Of all the entries below, retype only the lines from the one with "The characteristics of" through the one with "미국의 유명 래퍼 카디비가", exactly as they appear.
Dataset extract below:
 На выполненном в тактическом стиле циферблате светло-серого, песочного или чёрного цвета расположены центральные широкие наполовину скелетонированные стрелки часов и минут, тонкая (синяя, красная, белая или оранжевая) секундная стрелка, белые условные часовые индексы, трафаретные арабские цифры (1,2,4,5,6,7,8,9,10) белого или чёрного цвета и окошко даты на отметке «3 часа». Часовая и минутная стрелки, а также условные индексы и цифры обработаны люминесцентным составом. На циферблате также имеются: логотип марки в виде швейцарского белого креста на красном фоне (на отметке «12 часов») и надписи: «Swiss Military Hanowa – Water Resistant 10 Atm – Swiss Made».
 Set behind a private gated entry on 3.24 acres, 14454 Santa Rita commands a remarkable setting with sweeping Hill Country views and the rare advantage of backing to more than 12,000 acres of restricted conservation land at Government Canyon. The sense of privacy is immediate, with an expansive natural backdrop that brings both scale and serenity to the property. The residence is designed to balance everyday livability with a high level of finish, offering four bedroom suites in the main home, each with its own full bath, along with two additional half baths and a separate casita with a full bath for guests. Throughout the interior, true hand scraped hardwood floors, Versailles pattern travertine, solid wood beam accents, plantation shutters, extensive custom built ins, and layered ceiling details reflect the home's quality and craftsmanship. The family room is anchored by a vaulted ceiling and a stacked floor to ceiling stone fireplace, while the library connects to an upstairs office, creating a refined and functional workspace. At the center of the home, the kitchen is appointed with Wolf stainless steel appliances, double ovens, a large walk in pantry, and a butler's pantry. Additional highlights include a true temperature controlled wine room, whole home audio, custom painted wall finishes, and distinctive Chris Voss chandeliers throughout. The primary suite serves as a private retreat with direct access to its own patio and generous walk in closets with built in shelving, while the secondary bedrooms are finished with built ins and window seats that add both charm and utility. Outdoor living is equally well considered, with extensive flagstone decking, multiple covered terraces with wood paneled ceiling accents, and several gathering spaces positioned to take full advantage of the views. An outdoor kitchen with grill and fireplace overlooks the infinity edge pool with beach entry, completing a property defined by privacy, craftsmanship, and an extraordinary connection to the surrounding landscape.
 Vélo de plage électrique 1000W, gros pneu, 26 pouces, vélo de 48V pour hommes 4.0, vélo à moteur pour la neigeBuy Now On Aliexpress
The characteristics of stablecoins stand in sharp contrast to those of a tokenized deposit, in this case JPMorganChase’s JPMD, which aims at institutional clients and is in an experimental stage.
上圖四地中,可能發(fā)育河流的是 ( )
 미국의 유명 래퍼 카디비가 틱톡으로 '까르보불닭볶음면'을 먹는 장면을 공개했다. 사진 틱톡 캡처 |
End of Dataset extract.
Dataset extract below:
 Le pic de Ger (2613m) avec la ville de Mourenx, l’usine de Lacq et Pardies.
End of Dataset extract.
Exercise answer
The characteristics of stablecoins stand in sharp contrast to those of a tokenized deposit, in this case JPMorganChase’s JPMD, which aims at institutional clients and is in an experimental stage.
上圖四地中,可能發(fā)育河流的是 ( )
 미국의 유명 래퍼 카디비가 틱톡으로 '까르보불닭볶음면'을 먹는 장면을 공개했다. 사진 틱톡 캡처 |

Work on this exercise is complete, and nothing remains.